The Ouroboros of Benchmarking: Reasoning Evaluation in an Era of Saturation
March 19, 2026
I want to share some insights from a recent paper I co-authored with my advisor, Duygu Ataman. The article was accepted for a poster presentation at the NeurIPS 2025 Workshop on Evaluating the Evolving LLM Lifecycle: Benchmarks, Emergent Abilities, and Scaling. You can read the full preprint on arXiv here: https://arxiv.org/abs/2511.01365.
We are currently witnessing a massive surge in the capabilities of Large Language Models (LLMs) and specialized Large Reasoning Models (LRMs). However, as these models scale and training methods advance, the benchmarks we use to evaluate them are reaching saturation at an unprecedented rate. This rapid saturation forces the AI community into a continuous cycle of developing new, more challenging datasets to replace the old ones. We call this the “Ouroboros” of benchmarking.
It led us to a critical question: does surpassing a benchmark truly demonstrate reasoning ability, or are we simply tracking numbers divorced from the capabilities we claim to measure?
To investigate this, we analyzed performance trends across three major model families: OpenAI, Anthropic, and Google. We compiled a comprehensive list of 52 benchmarks and categorized them into seven distinct types of reasoning. We included the list and descriptions of the 52 benchmarks used by these three model families in the article, hoping to provide a broad list to ground future research. We defined benchmark saturation as the point where a model achieves at least 80% accuracy. Here is what the data revealed about the current state of AI evaluation:
The Saturation Divide
Out of the 52 benchmarks, 27 have already surpassed the 80% threshold in at least one model family, while 25 have never reached it. We found that benchmarks targeting commonsense and logical reasoning, mathematical reasoning, reasoning with general knowledge, and reading comprehension are the most frequently “solved”. Conversely, tasks that require programming and coding, or LLM-specific capabilities like tool use, remain comparatively difficult, with very few models crossing the 80% mark.
The Rapid Expiration of Benchmarks
Perhaps our most striking observation was the release dates of the unsolved benchmarks. An overwhelming 60% of the unsolved benchmarks were introduced in 2025, and 32% in 2024. Nearly all benchmarks released prior to 2025 have already been surpassed by at least one model family. The only two pre-2023 benchmarks that remain unsolved are ActivityNet and EgoSchema, which are both multimodal reasoning tasks. This temporal pattern highlights a central dynamic: older benchmarks are rapidly mastered and lose their discriminative power, making newly introduced evaluations the sole standard for demonstrating progress.

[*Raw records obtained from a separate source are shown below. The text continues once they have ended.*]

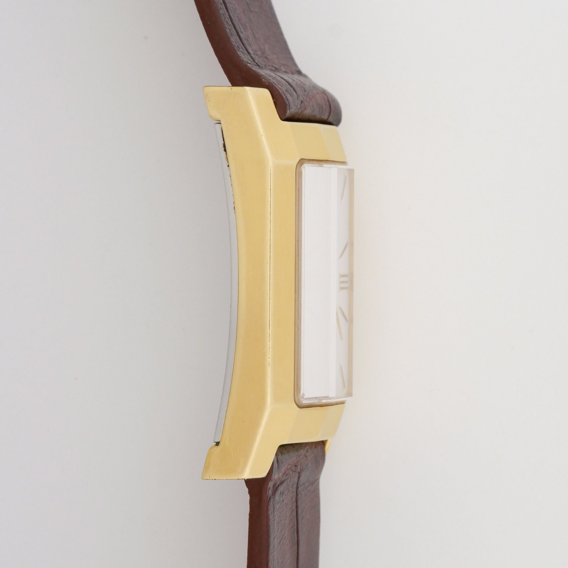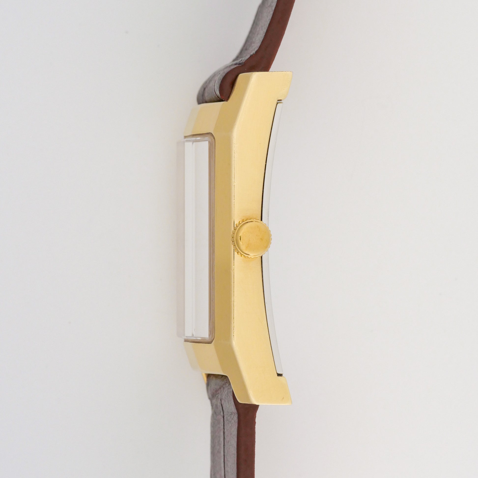 - Case: shows moderate wear consistent with regular use. There are visible scratches and scuffing on the sides and edges, particularly noticeable on the lugs and case edges. The gold plating is intact overall but shows signs of wear in high-contact areas.
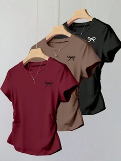 These cute short-sleeve tees come in three fresh colors – rich maroon, warm brown, and sleek black – each with a stylish black (or white on black) bow embroidered on the left chest. The round-neck fit is comfy and trendy, perfect for everyday wear or a ca
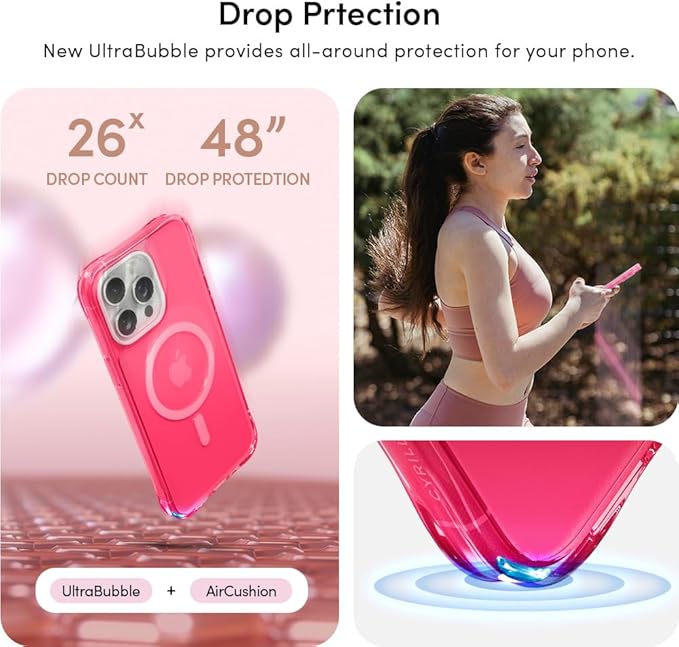 【CYRILL】 by Spigen iPhone15ProMax 用 ケース MagSafe対応 ウルトラシアー 半透明 ストラップホール付き 高弾性 耐久性 耐衝撃 カメラ保護 Qi充電 ほこりなし アイフォン 15 プロマックス 用 カバー ウルトラシアーコレクション(ホットピンク)
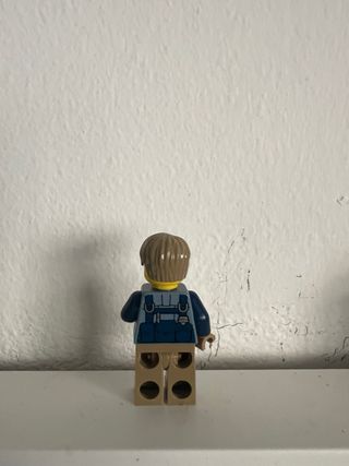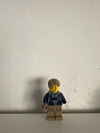 Minifigure Lego di un uomo con uniforme da poliziotto. Chase McCain nel set LEGO City - Testa gialla con espressione sorridente. - Capelli castani. - Gilet tattico blu con distintivo. - Pantaloni beige.
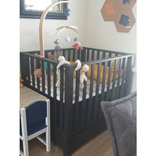 Wij hebben een zwarte box. Paste ook beter in ons interieur 😁 heel blij mee! Deze is van babypark met een lade eronder
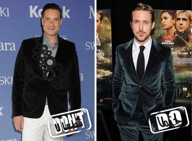 Do- Ryan Gossling: اختر بذلة من المخمل باللون الذي تفضّله، وارتدِها بأناقة.
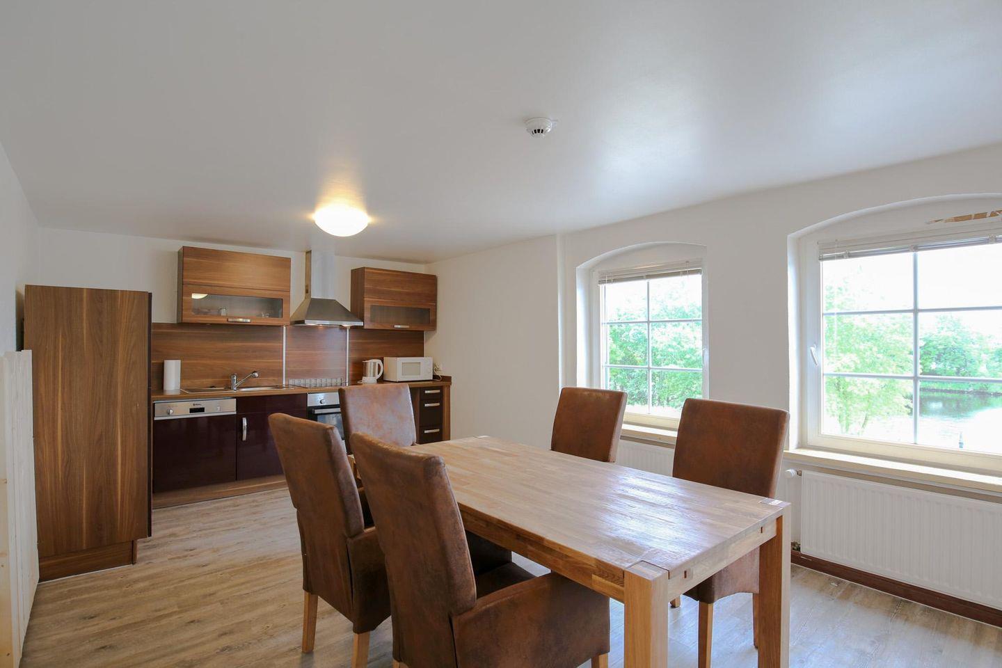 Außerdem gehören noch zwei Ferienwohnungen hinzu: „Buten und binnen“ ist die Ferienunterkunft für den gehobenen Anspruch mit zwei Schlafzimmern, Küche, Essbereich mit Kaminofen, 2 Bädern und einer großen Terrasse mit Blick auf die Eider.
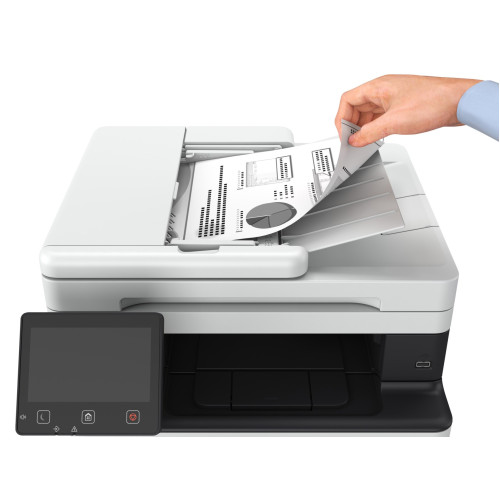 Standardní kapacitu tvoří zásobník na 250 listů, víceúčelová přihrádka na 100 listů a automatický podavač dokumentů (ADF) na 50 listů s jednoprůchodovým oboustranným skenováním. Volitelný zásobník AH1 na 550 listů umožňuje rozšířit kapacitu až na 900 listů. Podporovány jsou formáty od A6 po Legal a gramáže od 60 do 199 g/m².

Fragmentation and the Illusion of Reasoning
We also observed a lack of consistency in how benchmarks are adopted. Once a model family achieves high performance on a specific benchmark, subsequent models often use that benchmark less frequently or abandon it entirely. This fragmented and selective use undermines the goal of having a shared measure of capability across different model families.
Furthermore, while models often perform strongly on familiar benchmarks, introducing a more challenging, novel benchmark frequently causes a significant drop in performance. This raises the possibility that high scores are often tied more to benchmark design and prior exposure (contamination) than to a robust mastery of the underlying reasoning type.
Moving Forward
Our analysis suggests that current benchmarking practices have profound limitations, and improvements in scores do not necessarily reflect generalizable reasoning ability. Meaningful progress requires us to move beyond simple accuracy scores. We advocate for developing sophisticated, task-specific evaluation metrics that capture intermediate reasoning steps. By formalizing reasoning for different task types and designing layered evaluation procedures, we can assess specific reasoning capabilities rather than just checking if a model arrived at the correct final answer.